Char constants could contain double quotes, what would lead the other
parts of our programs to see strings where there aren't any. For instance:
case'"':
would be misunderstood as the start of a never ending string.
Comments are necessary since we should not process strings in comments.
Preprocessor directives should be ignored since we do NOT want to
translate
#include "myfile.h"
Our string parsing routine stores the contents of each string in a buffer
that is grown if needed, printing into standard output only the
StringTable[x]
instead of the stored string.
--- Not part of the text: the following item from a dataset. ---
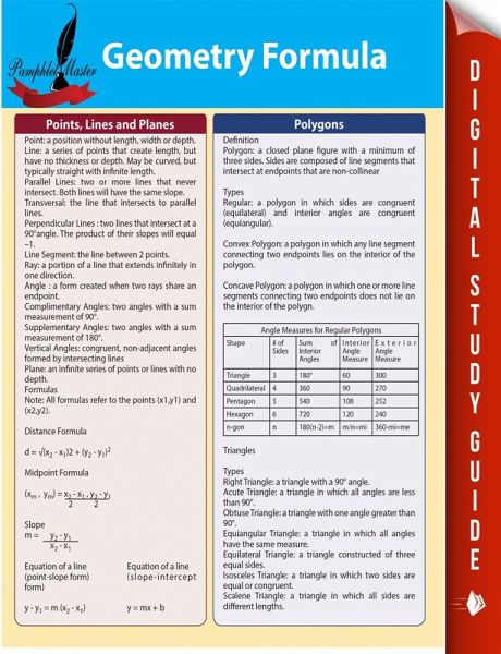 This Geometry Formula study guide is created by Pamphlet Master for students everywhere. This tool has a comprehensive variety of college and graduate school topics/subjects which can give you what it takes to achieve success not only in school but beyond. Included in the pamphlet are: - Points, Lines and Planes - Polygons - Triangles - Inequality of Triangles - Polyhedron - Right Triangles - Transformations - Quadrilaterals - Circles - Angle and Arc Relationships

Each string is finished with a zero, and
after the last string we store additional zeroes to mark the end of
the buffer.
After the whole file is processed we write the contents of the buffer
in the output (written to stdout) and that was it. We have extracted
the strings into a table.
Analysis
-------
Our program seems to work, but there are several corner cases that
it doesn't handle at all.
For instance it is legal in C to write:
"String1" "String2"
and this will be understood as
"String1String2"
by the compiler. Our translation amkes this into:
StringTable[0] StringTable[1]
what is a syntax error.
Another weak point is that a string can be present several times in our
table
since we do not check if the string is present before storing it in our
table.
And there are many corner cases that are just ignored. For instance you can
continue a single line comment with a backslash, a very bad idea of course
but a legal one. We do not follow comments like these:
// This is a comment \
and this line is a comment too
And (due to low level of testing) there could be a lot of hidden bugs in it.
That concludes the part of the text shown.